Kaminieli Aria

Personal information
- Full name: Kaminieli Tako Aria
- Born: 1921 Fiji
- Died: 1967 (aged 45–46) Fiji

International information
- National side: Fiji;

Career statistics
| Competition | FC |
| Matches | 3 |
| Runs scored | 114 |
| Batting average | 19.00 |
| 100s/50s | 0/0 |
| Top score | 46 |
| Balls bowled | 294 |
| Wickets | 3 |
| Bowling average | 44.66 |
| 5 wickets in innings | 0 |
| 10 wickets in match | 0 |
| Best bowling | 3/66 |
| Catches/stumpings | 4/– |
- Source: Cricinfo, 13 March 2010

= Kaminieli Aria =

Fijian cricketer

Kaminieli Tako Aria (1921-1967) was a Fijian cricketer.

Aria made his first-class debut for Fiji in 1948 against Auckland during Fiji's tour of New Zealand. During the tour he played two further first-class matches against Otago and Auckland.
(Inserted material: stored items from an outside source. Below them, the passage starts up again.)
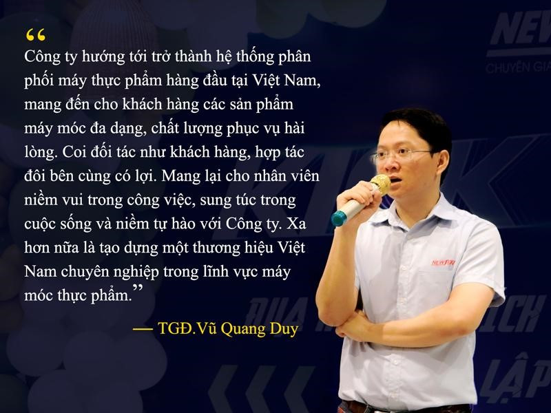 Anh Vũ Quang Duy chia sẻ: “Khi thấy nước bạn sản xuất máy chế biến thực phẩm, có những sản phẩm tốt, song vẫn có những sản phẩm còn nhiều hạn chế với người dùng Việt, giá thành còn cao. Từ đó, tôi tính đến những “bài toán” lâu dài là chủ động sản xuất trong nước để đảm bảo phục vụ tốt nhu cầu của khách hàng, đồng thời xây dựng thương hiệu NEWSUN (Mặt trời mới)”.
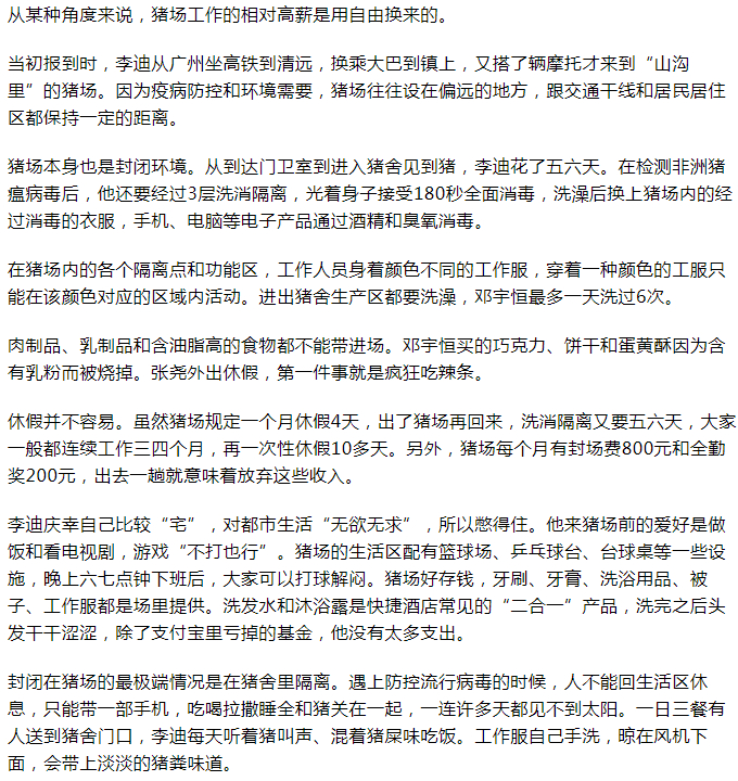 李迪毕业于广州一家非重点本科院校,他自认为成绩不够好,就业环境又受新冠肺炎疫情影响,广州的互联网小公司给他开出的工资每个月不到3000元。相比之下,底薪6000元且包吃住的养猪工作太有吸引力。
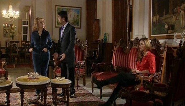 مشهد من المسلسل السورى "أخر خبر" تظهر فيه الفنانة مارسيل مارينا مع الفنان وسام صباغ.
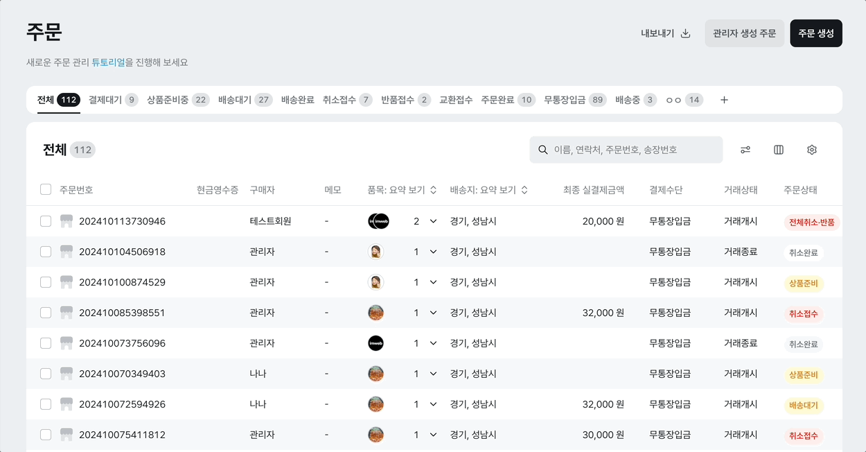 [관리자 주문 생성하기] 가이드를 참고해 주문을 생성해 보세요.

In his three first-class matches for Fiji he scored 114 runs at a batting average of 19.00, with a high score of 46. With the ball he took 3 wickets at a bowling average of 44.66, with best figures of 3/66. He took four catches in the field.

Aria also represented Fiji in 7 non first-class matches in 1948 during their tour of New Zealand. At the time of tour, Aria was working as a corporal in the Fijian police, and weighed 16 stone (224 pounds).